3.1. Food Ingestion and Weight Gain

Different treatment regimens were associated with significantly different weight gain and food consumption among the hamsters (Table3). The food consumption of the basic diet control group remained constant, with the animals exhibiting steady weight gain. The food consumption of the HC group remained constant, with the animals exhibiting less weight gain than the control group.

Compared to the HC group, food consumption was significantly lower in the two HC+ HO groups.

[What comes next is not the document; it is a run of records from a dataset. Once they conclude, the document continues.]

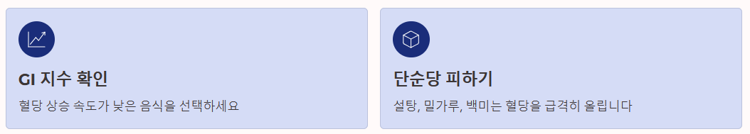 - GI 지수(혈당 지수) 확인: 음식을 섭취한 뒤 혈당이 상승하는 속도를 나타내는 수치가 낮은 음식을 선택해야 합니다.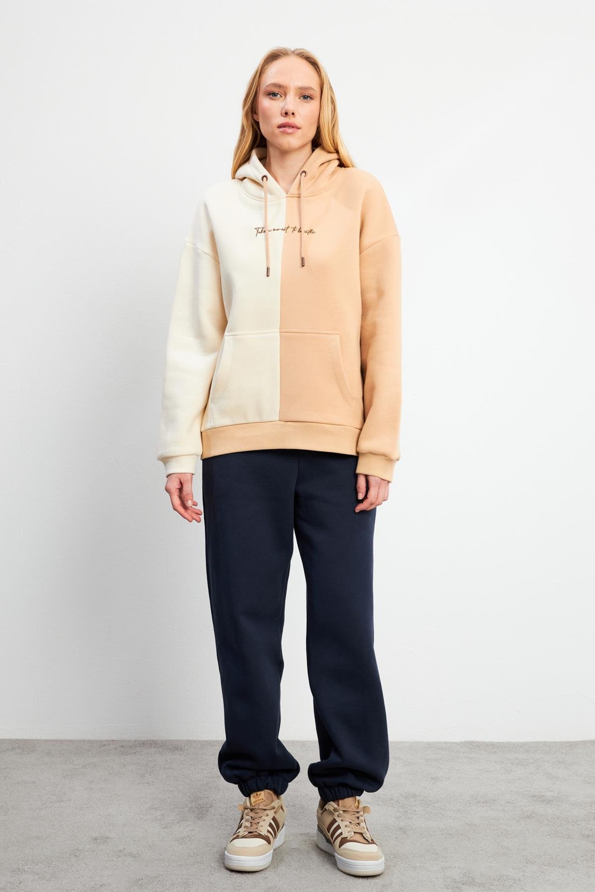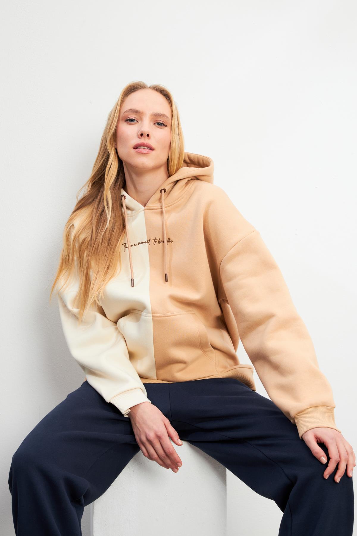 Kadın Parçalı Oversize Sweatshirt - Kemik - Bej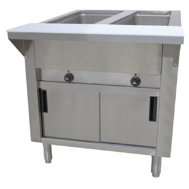 The Advance Tabco HF-2E-120-DR Hot Food Table is a commercial-grade electric serving counter designed for efficient food presentation and maintenance in professional foodservice environments. Featuring a stainless steel top and enclosed stainless steel base, this stationary model measures 31-13/16" in width, 30-5/8" in depth, and stands 34-1/8" high, with a working height of 35". It includes two open wells measuring 12" x 20" each, capable of accommodating pans up to 7-3/4" deep, ideal for holding hot food items at safe serving temperatures. Equipped with individual infinite controls, this unit allows precise temperature adjustments, making it suitable for mid-volume restaurant kitchens, catering services, or institutional cafeterias requiring durable, easy-to-maintain equipment with optimal workflow integration.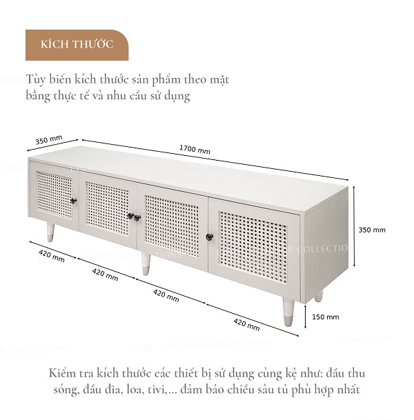 Tại Lynh, kệ tivi được sản xuất với kích thước vô cùng đa dạng và có thể đặt trong nhiều không gian khác nhau từ nhỏ đến lớn. Chúng tôi sẽ dựa trên mặt bằng thực tế và nhu cầu sử dụng của khách hàng để có thể “may đo” ra một sản phẩm ưng ý nhất. Đảm bảo khi khách hàng nhận được sản phẩm sẽ cảm thấy vô cùng hài lòng về cả chất lượng và công năng sử dụng.
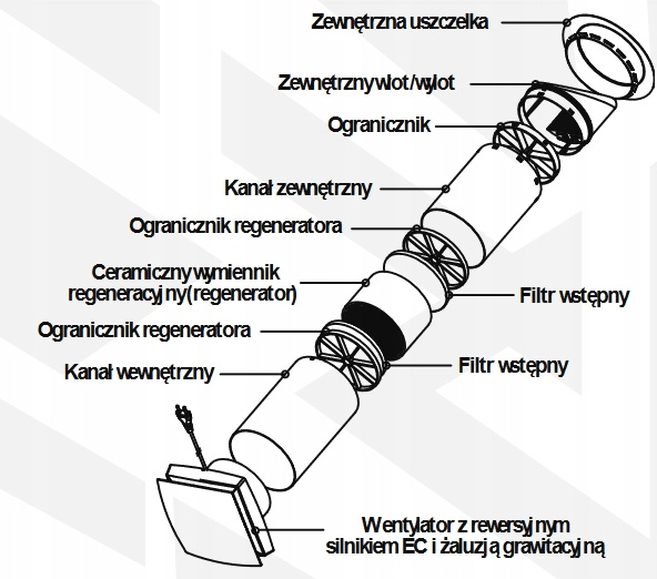 - schimbător ceramic pentru recuperarea căldurii și a umidității,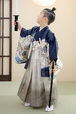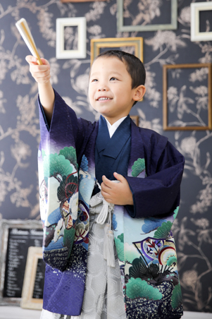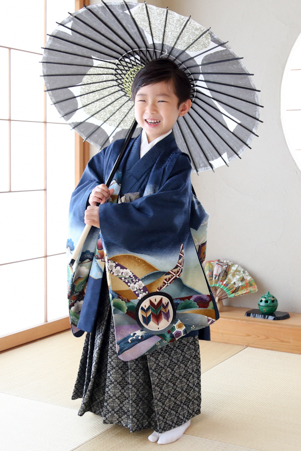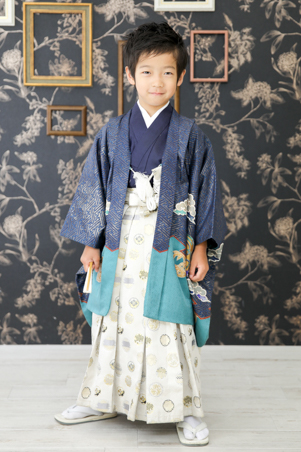 シンプルながらも男の子らしさを引き立たせる紺色のお着物。どんな袴にもマッチします。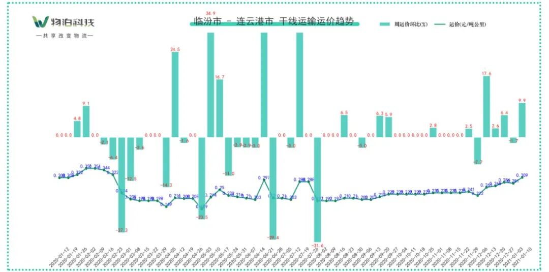 本周临汾至连云港的干线运输运价为0.309元/吨公里,上涨了0.28元/吨公里,涨幅为9.9%,本周涨幅较显著。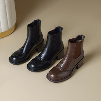 Women’s Autumn Chelsea Boots – Split Leather, Round Toe, Chunky Heel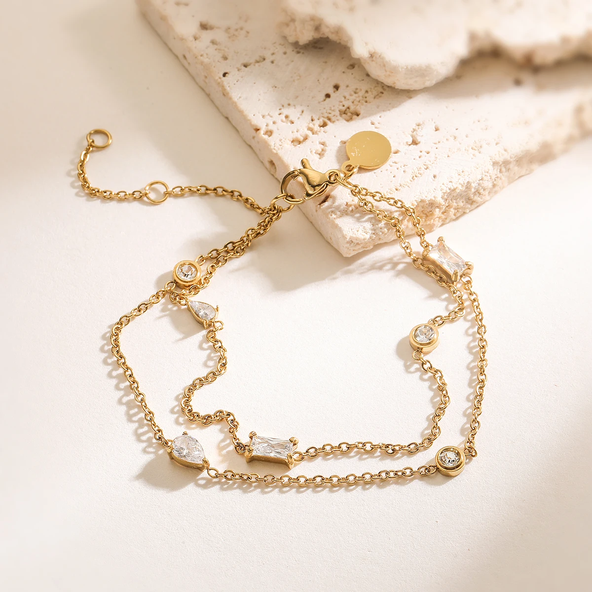 Let every step you take be a graceful dance of light. The Starlight Cascade Bracelet is designed to add a delicate, unexpected sparkle to your every move. Two fine, gold-plated stainless steel chains drape elegantly, one adorned with round solitaires and the other with chic, baguette-cut crystals. The modern mix of shapes creates a unique constellation of light around your wrist. It's a beautiful celebration of your journey and the radiant path you walk.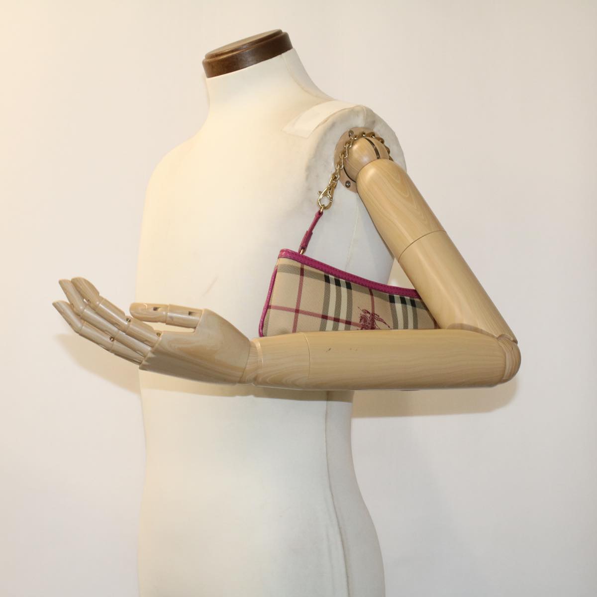 BURBERRY Nova Check Chain Accessory Pouch PVC Leather Beige Pink Auth yk5442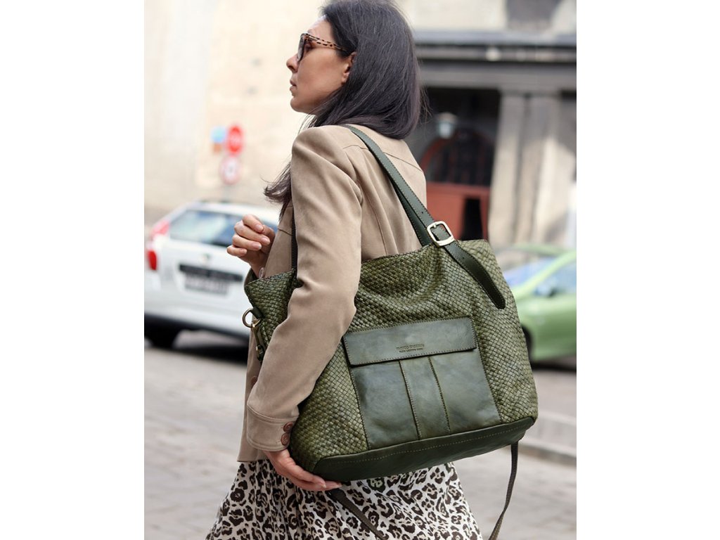 MARCO MAZZINI Zelená veľká pletená shopper kabelka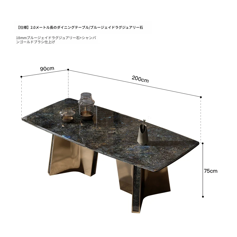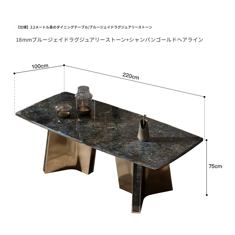 2.2メートル長のダイニングテーブル/ブルージェイド天然ラグジュアリー石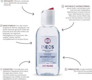 Désinfectant pour les Mains – Formule Hospitalière, Efficace contre 99,9% des Virus et des Bactéries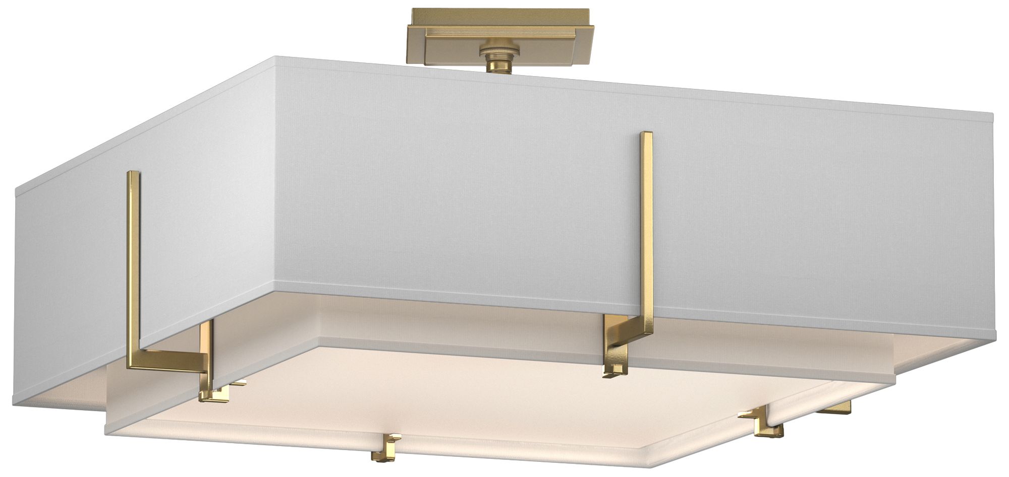 Exos 20.6"W Double Shade Square Brass Semi-Flush w/ Anna & Anna Sh
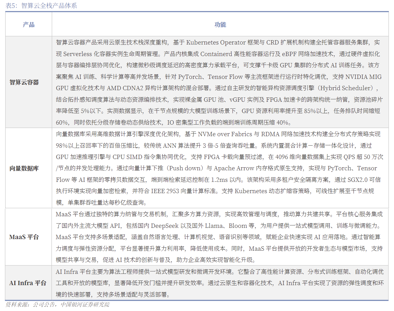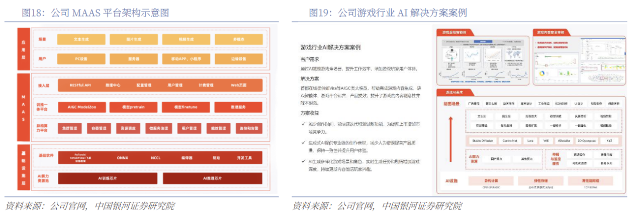 (二)公司创新推出MaaS与AIInfra平台,完善智算云全栈产品体系公司已快速构建起智算云全栈产品体系,涵盖智算容器云、向量数据库、MaaS平台、AIInfra平台及大模型一体机等。公司服务模式从简单的算力租赁,向模型加载服务、计费容器服务以及应用端服务等高附加值的方向演进,有助于提升整体毛利。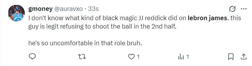湖蜜:我不知道雷迪克是怎麼設置的戰術,他不讓詹姆斯在下半場投籃了,詹姆斯在下半場有機會都不投,詹姆斯在這個角色中太不自在了。
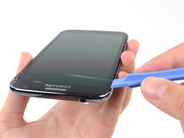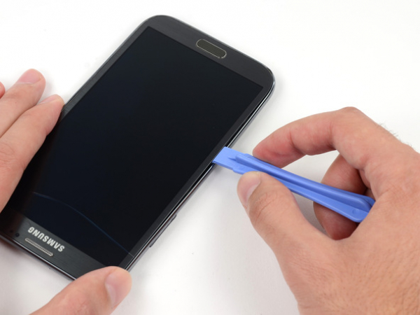 Aseta muovinen avaustyökalu puhelimen sivulla keskikehyksen ja etupaneelin väliin.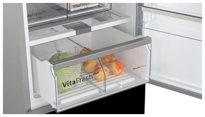 Холодильно-морозильная комбинация NoFrost с зоной свежести VitaFresh plus сохраняет свежесть продуктов до 2 раз дольше.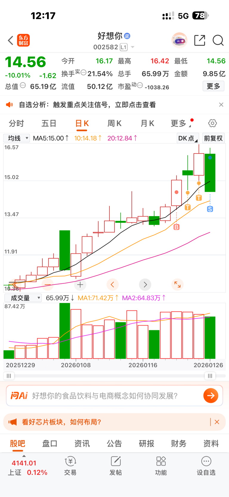 $好想你(SZ002582)$ 主力你跑我也跑

Additionally, compared to the HC group, the two HC+ HO groups exhibited significantly lower weight gain (13.9%). Compared to the control group, the feed efficacy was significantly lower in the HC group and slightly higher in the high-dose HC+ HO group.

3.2. Serum Lipid Profile

Compared to the control group, the serum levels of TC, TG, LDL-C, and VLDL-C were significantly higher in the HC group. Additionally, after four weeks of the high-cholesterol diet, the serum lipid profiles of the two HC+ HO groups were significantly higher than that of the HC group. Furthermore, compared to the HC group, the serum lipid profiles (TG, TC, LDL-C, and VLDL-C) and LDL-C/HDL-C ratios of the low-dose and high-dose HC+ HO groups were significantly lower at 4, 8, and 12 weeks (Table4). Compared to the lipid profile in the HC group, both the low-dose and high-dose HC+ HO groups had significantly higher levels of HDL-C.

3.3. Liver Function

Compared to the control group, the liver functions (serum glutamic-oxaloacetic transaminase (SGOT) and serum glutamic pyruvic transaminase (SGPT)) in the HC group were significantly impaired (Table5). A significant improvement in liver function was observed at 4, 8, and 12 weeks after the ingestion of the low-dose and high-dose HC+ HO diets.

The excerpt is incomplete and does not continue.